For some of us life is so fantastic we can't stand it.

Life is a process of continually reordering priorities.

We all have the right to be wrong and be loved just the same.

To insist that I am not forgiven is a kind of inverse arrogance.

Before I can accept someone's help, I must accept their presence.

I'm afraid my glass is no longer half full because I drank most of it.

How much more comfortable it is to say 'Yes, and...' than 'Yes, but...'.

Years ago I heard the Indian Jesuit Raimundo Panikkar say: Expect Nothing.

Ideals are great as long as they don't get in the way of what we want to do.

I feel that the only true security I have is my capacity, however limited, to love.

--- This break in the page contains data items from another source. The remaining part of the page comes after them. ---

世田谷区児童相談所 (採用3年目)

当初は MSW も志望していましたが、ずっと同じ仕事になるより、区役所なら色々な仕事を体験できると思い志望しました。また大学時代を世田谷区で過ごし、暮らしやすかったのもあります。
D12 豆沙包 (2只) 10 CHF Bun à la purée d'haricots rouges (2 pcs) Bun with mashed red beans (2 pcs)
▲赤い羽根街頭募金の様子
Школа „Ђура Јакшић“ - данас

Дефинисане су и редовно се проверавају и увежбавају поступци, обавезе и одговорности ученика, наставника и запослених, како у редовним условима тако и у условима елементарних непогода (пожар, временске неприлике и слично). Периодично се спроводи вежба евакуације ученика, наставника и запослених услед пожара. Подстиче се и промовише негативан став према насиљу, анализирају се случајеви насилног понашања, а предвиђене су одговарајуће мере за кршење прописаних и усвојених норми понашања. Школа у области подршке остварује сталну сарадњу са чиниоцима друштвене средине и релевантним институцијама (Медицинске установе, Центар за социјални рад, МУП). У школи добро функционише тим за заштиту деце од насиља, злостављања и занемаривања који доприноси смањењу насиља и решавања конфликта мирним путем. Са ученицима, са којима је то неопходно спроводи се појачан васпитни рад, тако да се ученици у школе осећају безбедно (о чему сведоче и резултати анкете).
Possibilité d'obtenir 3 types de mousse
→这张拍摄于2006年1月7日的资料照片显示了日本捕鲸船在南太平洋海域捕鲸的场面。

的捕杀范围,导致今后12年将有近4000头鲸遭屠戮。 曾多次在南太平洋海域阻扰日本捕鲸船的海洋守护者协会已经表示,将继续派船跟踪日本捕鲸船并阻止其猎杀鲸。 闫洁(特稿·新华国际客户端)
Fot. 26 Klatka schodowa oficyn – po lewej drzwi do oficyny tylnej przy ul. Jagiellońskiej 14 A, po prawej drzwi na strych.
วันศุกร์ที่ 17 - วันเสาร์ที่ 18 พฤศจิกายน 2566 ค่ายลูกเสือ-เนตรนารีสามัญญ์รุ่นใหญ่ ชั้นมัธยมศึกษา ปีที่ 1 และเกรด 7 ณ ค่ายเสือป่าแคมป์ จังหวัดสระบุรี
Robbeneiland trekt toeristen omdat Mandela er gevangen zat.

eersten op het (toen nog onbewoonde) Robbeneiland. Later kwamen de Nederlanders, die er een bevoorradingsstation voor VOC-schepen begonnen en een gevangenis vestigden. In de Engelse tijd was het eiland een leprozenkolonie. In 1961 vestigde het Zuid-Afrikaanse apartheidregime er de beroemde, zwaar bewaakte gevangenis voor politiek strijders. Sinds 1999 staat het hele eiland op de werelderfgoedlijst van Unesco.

I think that an act of love is immortal; once tendered, it can never really be taken back.

How frustrating it is to be out-argued by someone you know is dead wrong but is more eloquent.

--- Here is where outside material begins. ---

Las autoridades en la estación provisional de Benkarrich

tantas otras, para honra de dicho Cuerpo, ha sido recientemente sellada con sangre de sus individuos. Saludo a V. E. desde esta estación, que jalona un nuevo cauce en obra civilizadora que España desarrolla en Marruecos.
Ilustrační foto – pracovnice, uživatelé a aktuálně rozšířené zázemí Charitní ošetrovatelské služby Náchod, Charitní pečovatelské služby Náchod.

Until we can sense a sacred quality in time we will not begin to have a fuller understanding of it.

How unfortunate it is to be constrained by what people might say at our funeral or on our gravestone.

The man who says that he does not deserve his wife is probably right, but not for the reasons he thinks.

One of the small consolations of old age, if you are lucky, can be at least a partial recovery of innocence.

On the whole I feel that life has treated me rather well, but I sometimes wonder how well have I treated life.

I see a good marriage as being like two tall trees growing beside each other, each nourishing the grace of the other.

It is said that in life we must play with the cards we are dealt, but too often I have kept those cards too close to my chest.

If there were no nobodies, The somebodies would not have anybody, To convince that they were somebody, Except some other somebody, Who would not be convinced anyway.

How often have I tried just hard enough so that I can then say to myself that I tried with the real purpose of assuaging my guilt about something I did not wish to succeed in the first place?

Everything I do or say will be forgotten in a few short years. Yet how amazing and wonderful it is that somehow I still care, just simply care about whatever I do, and will probably do so until my dying moment.